In SO, there are quite a few questions about performance profiling, but I don't seem to find the whole picture. There are many problems, and most Q and A ignore all but a few, or do not justify their proposals.
What is interesting to me. If I have two functions that do the same, and Im interested in the difference in speed, does it make sense to test this without external tools, with timers, or is this influence on the results compiled in testing significantly?
I ask about this because if it is reasonable as a C ++ programmer, I want to know how to do this best, since they are much simpler than using external tools. If that makes sense, let's continue with all the possible traps:
Consider this example. The following code shows two ways to do the same thing:
#include <algorithm> #include <ctime> #include <iostream> typedef unsigned char byte; inline void swapBytes( void* in, size_t n ) { for( size_t lo=0, hi=n-1; hi>lo; ++lo, --hi ) in[lo] ^= in[hi] , in[hi] ^= in[lo] , in[lo] ^= in[hi] ; } int main() { byte arr[9] = { 'a', 'b', 'c', 'd', 'e', 'f', 'g', 'h' }; const int iterations = 100000000; clock_t begin = clock(); for( int i=iterations; i!=0; --i ) swapBytes( arr, 8 ); clock_t middle = clock(); for( int i=iterations; i!=0; --i ) std::reverse( arr, arr+8 ); clock_t end = clock(); double secSwap = (double) ( middle-begin ) / CLOCKS_PER_SEC; double secReve = (double) ( end-middle ) / CLOCKS_PER_SEC; std::cout << "swapBytes, for: " << iterations << " times takes: " << middle-begin << " clock ticks, which is: " << secSwap << "sec." << std::endl; std::cout << "std::reverse, for: " << iterations << " times takes: " << end-middle << " clock ticks, which is: " << secReve << "sec." << std::endl; std::cin.get(); return 0; } // Output: // Release: // swapBytes, for: 100000000 times takes: 3000 clock ticks, which is: 3sec. // std::reverse, for: 100000000 times takes: 1437 clock ticks, which is: 1.437sec. // Debug: // swapBytes, for: 10000000 times takes: 1781 clock ticks, which is: 1.781sec. // std::reverse, for: 10000000 times takes: 12781 clock ticks, which is: 12.781sec.
Problems:
- What timers to use and how to get the processor time actually consumed by the code in question?

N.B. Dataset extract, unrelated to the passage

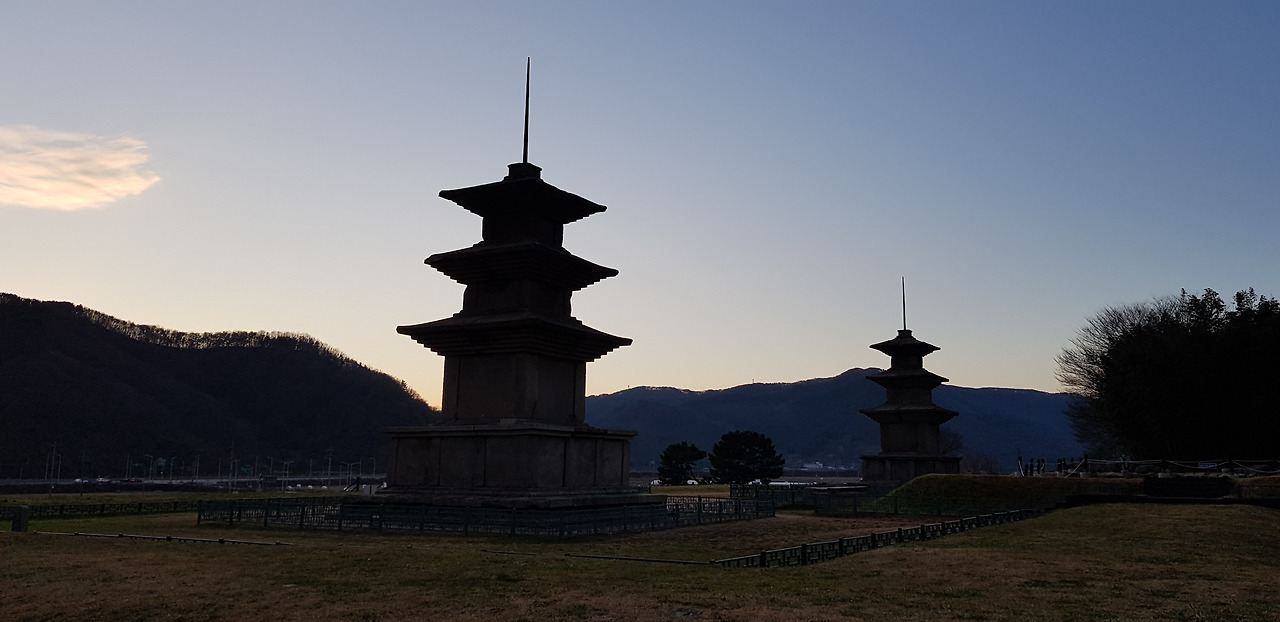 해파랑길 자르고 감은사지에 도착했을 때는 하늘이 남은 빛을 땅으로 내려보낼 즈음이었다.
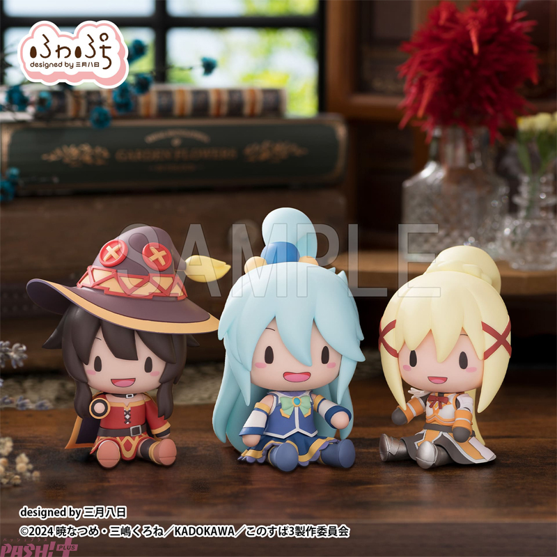 イラストレーター・三月八日さんとの共同デザインブランド「ふわぷち」コーナーでは、手軽に表情やポーズを変えて楽しめるギミックフィギュア「ふわぷち デフォルメフィギュア」から、TVアニメ『この素晴らしい世界に祝福を!3』シリーズをはじめ、初公開となる情報やフィギュアの展示など多数展示予定です。今回はセガプライズやセガグッズで展開中のぬいぐるみシリーズもコーナー内でいっしょに展示予定です。会場でぜひご覧ください。

- What are the implications of compiler optimization (since these functions just change the bytes back and forth, the most efficient thing, obviously, does nothing at all)?
- Given the results presented here, do you think they are accurate (I can assure you that multiple runs give very similar results)? If so, can you explain how std :: reverse becomes so fast, given the simplicity of the user-defined function. I do not have the source code from the vC ++ version that I used for this test, but here is the implementation from GNU. It comes down to the iter_swap function, which is completely incomprehensible to me. Is this expected to work twice as fast as this custom function, and if so, why?
Contemplations:
It seems that two high-precision timers are offered: clock () and QueryPerformanceCounter (in windows). Obviously, we would like to measure the processor time of our code, and not the real time, but, as I understand it, these functions do not provide this functionality, so other processes in the system will interfere with the measurements. This page in the gnu c library seems to contradict this, but when I set a breakpoint in vC ++, the debugged process gets a lot of clock cycles even though it was paused (I did not test it under gnu). Do I have no alternative counters for this, or do we need at least special libraries or classes for this? If not, is there enough hours in this example or will there be a reason for using QueryPerformanceCounter?
What can we know for sure without debugging, disassembling and profiling? Is something really going on? Is function call strict or not? When checking in the debugger, the bytes actually change places, but I would rather learn from the theory why than from testing.
Thanks for any guidance.
Update
Thanks to a tip from tojas, the swapBytes function now works as fast as std :: reverse. I did not understand that a temporary copy in the case of a byte should only be case-sensitive and therefore very fast. Elegance can dazzle you.
inline void swapBytes( byte* in, size_t n ) { byte t; for( int i=0; i<7-i; ++i ) { t = in[i]; in[i] = in[7-i]; in[7-i] = t; } }
Thanks to a tip from ChrisW, I found that in windows you can get the actual cpu time spent on the process (read: yours) Windows Management Tool . It definitely looks more interesting than a high precision counter.